October's round up of the latest tax investigation news and cases:
Last month we shared a report about the first batch of coronavirus job retention scheme letters HMRC were sending to employers where they believe incorrect furlough claims may have taken place. This is believed to be the first in a series of such letters to be issued to employers throughout the UK.
With these first letters now in the hands of recipients, there has been some confusion and alarm caused due to the failure of the letters to specify precisely why HMRC suspect the employer's CJRS claim to be inaccurate, with no information about the suspected error, the amount, or the month in which it is believed to have occurred.
HMRC have already stated that they are not looking to chase and investigate employers who may have made innocent mistakes on their claims due to the complexity of the process, but rather go after those employers who are thought to have deliberately over-claimed, and in so doing, committed furlough fraud.
Where an over-claim has taken place, employers are able to make a self-correction within the specificed time frame to avoid any further action by HMRC or any penalties that might otherwise be imposed.
It is understood that the letters are requesting employers to contact HMRC directly to resolve the matter, and as such, Gilbert Tax is advising any individuals who have received such a letter the speak with a qualified tax investigation specialist in the first instance, before entering into any correspondence with HMRC.
Despite the confusion that is being caused by the letters, as of 2nd October 2020, UK firms are believed to have already voluntarily paid back as much as £215 million in cash claimed through the furlough scheme. The funds have been received by HMRC from 80,433 employers.

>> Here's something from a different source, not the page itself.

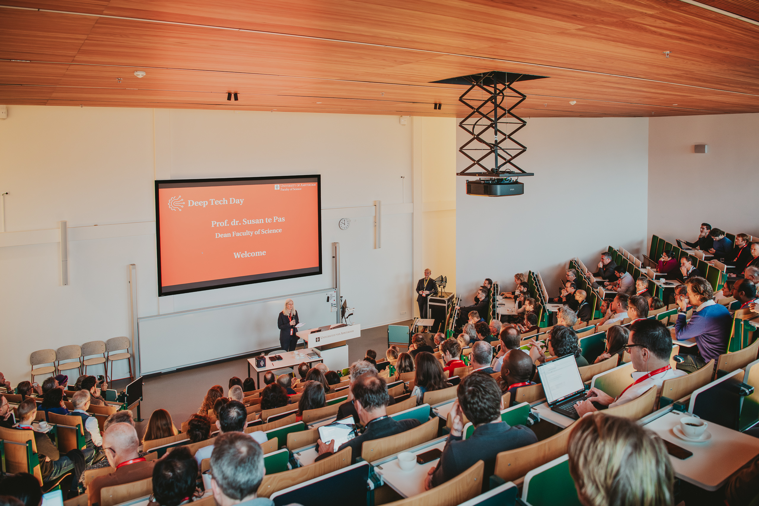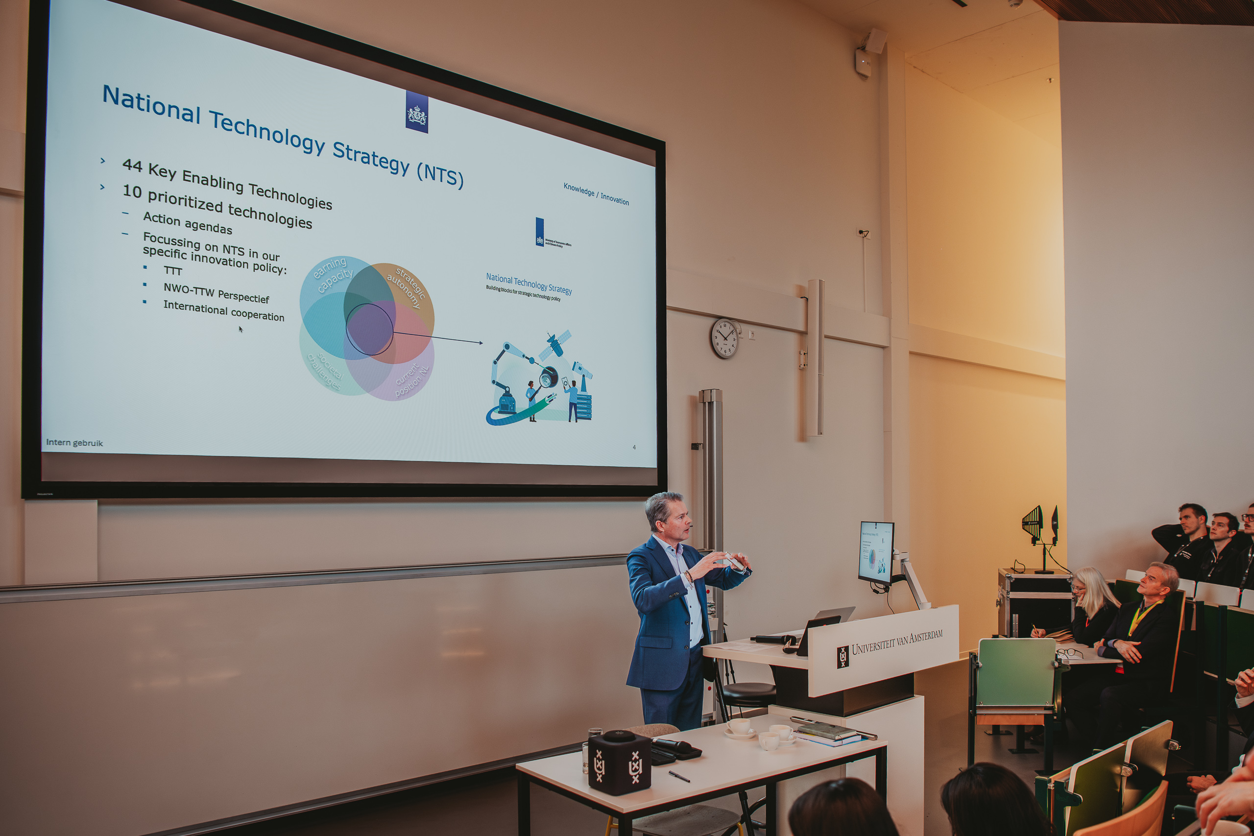 Na een openingswoord van Susan te Pas, decaan van de UvA FNWI, werd de plenaire sessie vervolgd met een keynote van Tjerk Opmeer (directeur Innovatiebeleid, Ministerie van Economische Zaken). Hij besprak de bredere context van deep-tech onderzoek in Nederland en lichtte de Nationale Technologiestrategie (NTS) toe.

Fraud investigation officers from the HMRC were sent to residential addresses in the Walthamstow and Romford areas of London whereby a woman and a man were arrested. During this arrest, business records, paperwork and digital devices were seized to gain insight into the furlough fraud from the government's coronavirus job retention scheme (CJRS). This case is currently undergoing investigation.
Jim Harra, HMRC CEO told MPs that up to £3.5bn in furlough payments may have been claimed due to fraudulence or error. Giving evidence to the public accounts committee, he believed that between 5% and 10% of furlough payments could be incorrect. Over 8,000 calls have been received to the HMRC's fraud telephone hotline and they are now looking into 27,000 high risk cases in which it is believed an employer has made a serious error.

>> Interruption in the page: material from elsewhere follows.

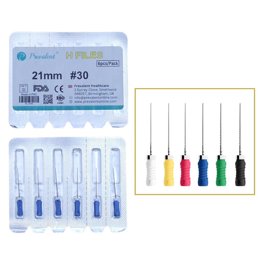 Prevalent’s H Files are precision-ground stainless steel instruments designed for efficient root canal shaping and debridement. Available in ISO sizes #06–#80 and lengths of 21 mm, 25 mm, 28 mm, and 31 mm, they offer strong cutting action and tactile control for safe and effective canal preparation.

Terry Braithwaite, Fraud Investigation Service from the HMRC, said: ‘The CJRS is part of the collective national effort to protect jobs. While most employers have used the scheme responsibly, this is taxpayers’ money and HMRC will not hesitate to act on reports of abuse of the scheme.’
The furlough scheme began in March, offering up to 80% of an employee’s pay to a maximum of £2,500 per month. It is now being decreased, with employers expected to pay an increasing proportion of the monthly grant from August, and is set to finish at the end of this month.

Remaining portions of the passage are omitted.